Divorce affects a community: the adults involved, their friends and families and, of course, the children. The likelihood is that the effects on most children will be long-lasting. Children have to watch their parents go through a divorce, then continue their lives afterward. The research base demonstrating the damage to children from divorce is so widespread—the fact that it is now recognised as an adverse children experience, or ACE, has already been alluded to—that I will not detain the House by looking at it in any detail other than to note that family breakdown is now recognised as the biggest factor behind the UK’s child mental health crisis. More than a third of children whose parents had split up reported poor mental health, compared with a fifth of children with parents who were still together. Moreover, Hetherington and Kelly’s research interviewing the children of divorce later in life revealed that 20% to 25% of children of divorce continue to suffer lasting social and psychological problems in adulthood, compared with just 10% of children from intact families.

The fact is that, after a divorce, children find themselves in a difficult situation. As has been referred to, Cockett and Tripp’s work in The Exeter Family Study demonstrates how divorce changes family life. Their research showed that in parental conflict during marriage, the child may be able to remain on the sidelines, whereas after divorce, they may be obliged to take a central role; for example, carrying messages between resident and non-resident parents who find that they are unable to communicate face to face. Children in re-ordered families reported that their parents frequently told tales about each other or each other’s new partners. Children also sometimes felt that they had to suppress telling one parent about enjoyable times they had had with the other, or had actually been asked by one parent to keep something secret from their former partner.

Inevitably, the child’s relationship with their parents changes; for example, one may move away and the other may become more prominent in their life while finding their own way after the divorce, potentially with less financial resources. The child might find that they have to move to be with a parent and change school. A recent article on parental divorce or separation and children’s mental health said:

“Marital instability presents not a single risk factor, but a cascade of sequelae for children.”

Much of the debate today has focused on helping lawyers and parents to sort things out amicably. I do not think we can disagree with that, but it is what the divorce means to a child in the long term that really matters. We must have their well-being at the centre of all our discussions, which is why these amendments are so important. We need to understand that, when viewed from the perspective of the best interests of the child, our number one priority should be not low-conflict divorce but promoting reconciliation and—where possible —avoiding divorce. The evidence suggests that low-conflict divorce can be more traumatic for children than divorce with conflict. Research by Amato, Loomis and Booth, who use a 12-year longitudinal study, found that the break-up of a low-conflict family is more harmful to a child than that of a high-conflict family. As Harry Benson explained:

“It’s not the ‘high conflict’ divorce that damages children but the low conflict ones. A low conflict relationship that ends in divorce makes no sense to a child. They don’t see it coming. It comes out of the blue.”
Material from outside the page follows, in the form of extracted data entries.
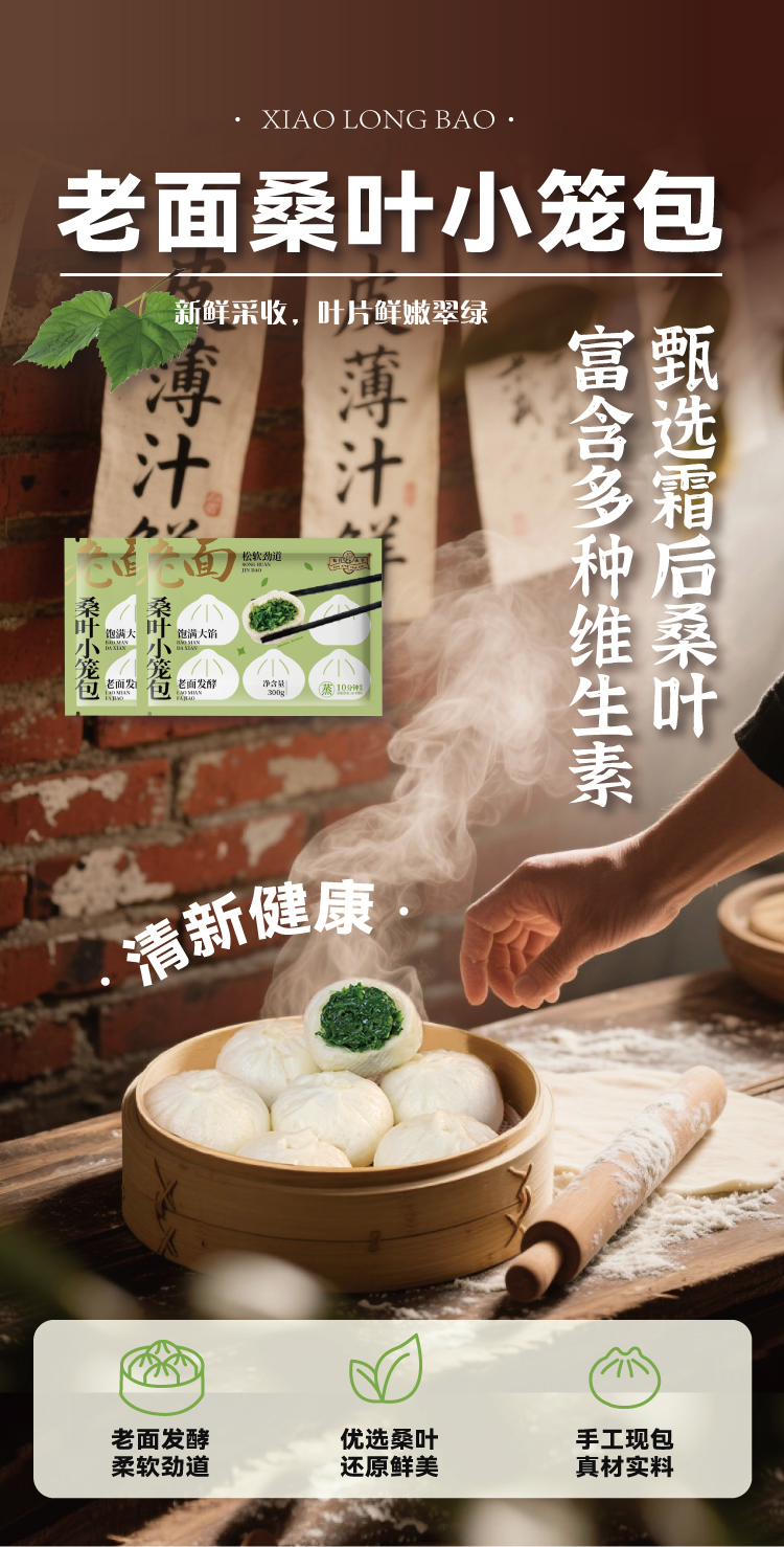 包行天下嵊州老面桑叶小笼包半成品加热即包子食儿童营养早餐面点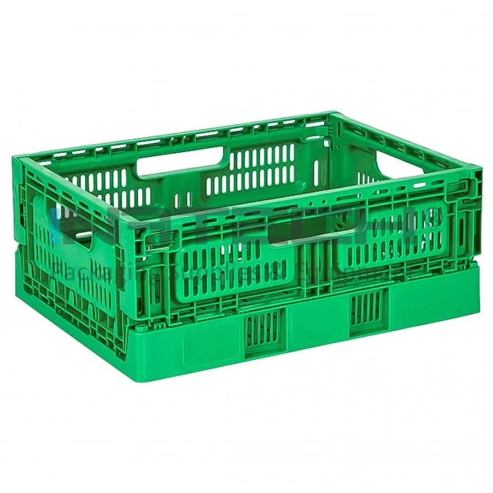 Lada Pliabila Cu Pereti Ventilati Dimensiune Interioara 575 x 370 x 150 mm, Dimensiune Exterioara 600 x 400 x 155 mm, Material PP Virgin, Volum Litri 31, Culoare Verde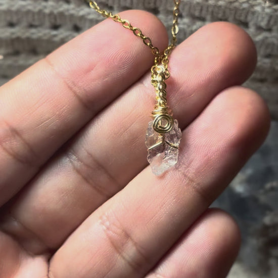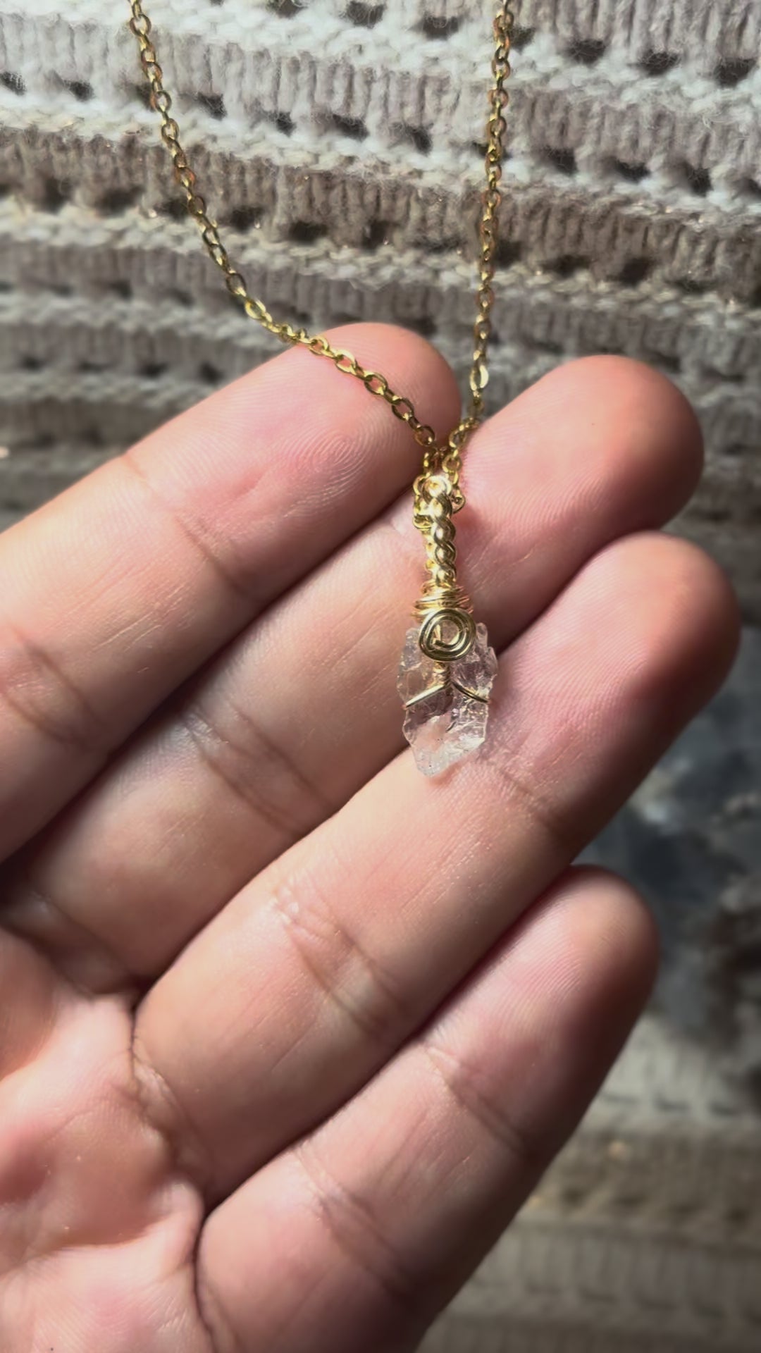 Abraza la belleza en bruto y la claridad con este fragmento hecho a mano de Diamante Herkimer, envuelto en alambre de oro grado AAA sobre una cadena de acero inoxidable construida para durar.

Social scientist Elizabeth Marquardt, the author of Between Two Worlds: The Inner Lives of Children of Divorces, states that

“two-thirds of divorces end low-conflict marriages, in which the parents divorce because they are unhappy or unfulfilled, or have other problems that are not seriously threatening. The children of low-conflict couples fare worse after divorce because the divorce marks their first exposure to a serious problem. One day, without much warning, their world just falls apart.”

I ask the Government to support these amendments, and call on them to publish their full and detailed family test impact assessment on all aspects of the Bill, and particularly its impact on children. I commend these amendments—without which there would have been no focused debate on children—to this House.